# [Exercise material]

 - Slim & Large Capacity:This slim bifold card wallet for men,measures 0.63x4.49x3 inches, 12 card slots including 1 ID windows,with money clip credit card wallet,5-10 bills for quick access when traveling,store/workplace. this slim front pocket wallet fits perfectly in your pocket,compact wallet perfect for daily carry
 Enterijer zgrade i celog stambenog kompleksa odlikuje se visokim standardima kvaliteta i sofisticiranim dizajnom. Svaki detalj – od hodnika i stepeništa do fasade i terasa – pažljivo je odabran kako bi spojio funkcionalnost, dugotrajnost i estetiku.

---

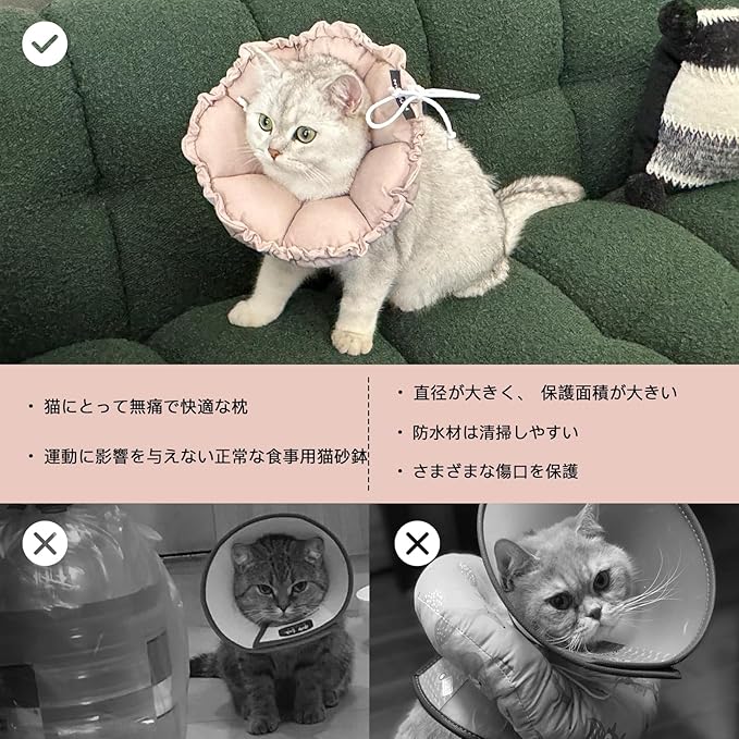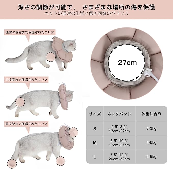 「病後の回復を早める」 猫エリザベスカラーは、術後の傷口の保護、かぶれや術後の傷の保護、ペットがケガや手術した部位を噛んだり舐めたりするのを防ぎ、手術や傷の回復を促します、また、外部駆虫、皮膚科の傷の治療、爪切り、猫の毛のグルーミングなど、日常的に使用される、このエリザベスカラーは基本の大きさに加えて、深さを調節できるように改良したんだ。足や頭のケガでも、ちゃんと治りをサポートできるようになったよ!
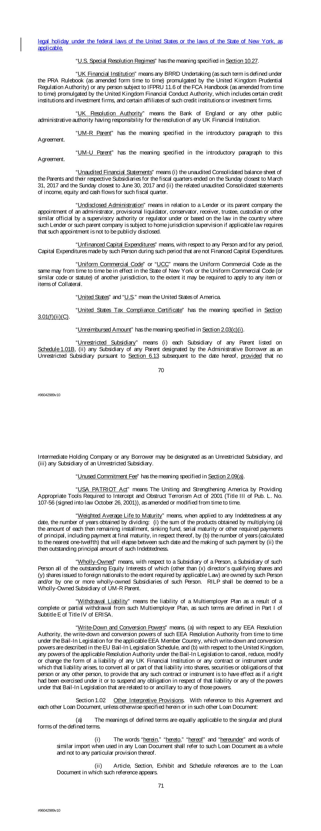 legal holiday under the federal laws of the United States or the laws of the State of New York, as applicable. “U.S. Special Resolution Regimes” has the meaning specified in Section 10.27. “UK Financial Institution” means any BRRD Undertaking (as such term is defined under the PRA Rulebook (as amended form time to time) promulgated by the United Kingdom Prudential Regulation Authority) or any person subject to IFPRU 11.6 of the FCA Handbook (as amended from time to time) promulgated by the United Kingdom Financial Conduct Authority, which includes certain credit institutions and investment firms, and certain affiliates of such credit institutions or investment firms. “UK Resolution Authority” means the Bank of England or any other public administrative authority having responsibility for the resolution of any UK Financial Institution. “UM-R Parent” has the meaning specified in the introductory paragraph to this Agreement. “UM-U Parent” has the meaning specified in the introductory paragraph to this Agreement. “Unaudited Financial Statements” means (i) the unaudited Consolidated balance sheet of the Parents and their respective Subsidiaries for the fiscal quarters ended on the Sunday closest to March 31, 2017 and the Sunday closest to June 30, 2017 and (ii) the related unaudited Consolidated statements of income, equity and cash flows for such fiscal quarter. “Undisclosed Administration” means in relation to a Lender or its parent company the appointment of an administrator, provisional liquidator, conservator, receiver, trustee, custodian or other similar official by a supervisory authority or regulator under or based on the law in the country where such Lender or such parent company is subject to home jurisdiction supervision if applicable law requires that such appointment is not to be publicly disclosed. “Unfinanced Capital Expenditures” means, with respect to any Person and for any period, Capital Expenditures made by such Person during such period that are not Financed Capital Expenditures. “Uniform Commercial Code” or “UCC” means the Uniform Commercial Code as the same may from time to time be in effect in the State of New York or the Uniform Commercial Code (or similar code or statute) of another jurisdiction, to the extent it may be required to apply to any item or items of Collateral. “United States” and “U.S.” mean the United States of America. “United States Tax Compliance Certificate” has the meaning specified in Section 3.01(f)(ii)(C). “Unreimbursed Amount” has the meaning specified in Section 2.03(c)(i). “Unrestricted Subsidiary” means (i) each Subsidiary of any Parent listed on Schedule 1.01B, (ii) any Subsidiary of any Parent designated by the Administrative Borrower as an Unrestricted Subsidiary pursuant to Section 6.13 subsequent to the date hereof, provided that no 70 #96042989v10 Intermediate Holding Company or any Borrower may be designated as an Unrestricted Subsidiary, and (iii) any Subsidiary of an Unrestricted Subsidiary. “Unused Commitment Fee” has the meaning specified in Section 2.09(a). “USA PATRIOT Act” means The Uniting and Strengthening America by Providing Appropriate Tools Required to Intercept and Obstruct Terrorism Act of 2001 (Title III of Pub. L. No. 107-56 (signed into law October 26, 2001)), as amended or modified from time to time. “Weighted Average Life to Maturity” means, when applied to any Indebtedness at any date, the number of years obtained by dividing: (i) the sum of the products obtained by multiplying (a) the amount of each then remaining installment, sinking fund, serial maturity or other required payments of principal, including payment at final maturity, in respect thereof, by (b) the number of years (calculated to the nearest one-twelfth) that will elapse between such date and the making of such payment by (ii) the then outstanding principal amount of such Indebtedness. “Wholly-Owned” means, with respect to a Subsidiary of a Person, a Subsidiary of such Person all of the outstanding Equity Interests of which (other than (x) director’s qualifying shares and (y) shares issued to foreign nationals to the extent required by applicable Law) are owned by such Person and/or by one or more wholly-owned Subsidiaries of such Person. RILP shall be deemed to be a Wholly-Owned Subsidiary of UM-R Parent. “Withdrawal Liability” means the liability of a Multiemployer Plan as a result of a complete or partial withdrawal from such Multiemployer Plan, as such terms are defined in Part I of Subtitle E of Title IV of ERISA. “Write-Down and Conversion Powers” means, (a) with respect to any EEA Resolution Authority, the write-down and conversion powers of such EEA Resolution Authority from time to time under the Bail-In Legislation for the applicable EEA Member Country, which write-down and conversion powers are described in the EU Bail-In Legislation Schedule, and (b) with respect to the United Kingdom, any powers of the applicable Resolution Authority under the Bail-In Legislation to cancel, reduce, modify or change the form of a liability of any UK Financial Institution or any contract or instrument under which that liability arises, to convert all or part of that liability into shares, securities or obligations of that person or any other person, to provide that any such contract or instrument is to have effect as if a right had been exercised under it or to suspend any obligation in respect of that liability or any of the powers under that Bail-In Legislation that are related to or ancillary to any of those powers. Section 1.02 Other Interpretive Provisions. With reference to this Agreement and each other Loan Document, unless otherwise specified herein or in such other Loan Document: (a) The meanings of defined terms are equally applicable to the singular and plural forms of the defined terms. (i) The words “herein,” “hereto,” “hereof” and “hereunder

# [Problem to solve]
Reproducing the whole listing above is not the task. Copy exactly only the lines from the one with "- Slim & Large" to the one with "Enterijer zgrade i", both kept.

# [Answer for the task]
 - Slim & Large Capacity:This slim bifold card wallet for men,measures 0.63x4.49x3 inches, 12 card slots including 1 ID windows,with money clip credit card wallet,5-10 bills for quick access when traveling,store/workplace. this slim front pocket wallet fits perfectly in your pocket,compact wallet perfect for daily carry
 Enterijer zgrade i celog stambenog kompleksa odlikuje se visokim standardima kvaliteta i sofisticiranim dizajnom. Svaki detalj – od hodnika i stepeništa do fasade i terasa – pažljivo je odabran kako bi spojio funkcionalnost, dugotrajnost i estetiku.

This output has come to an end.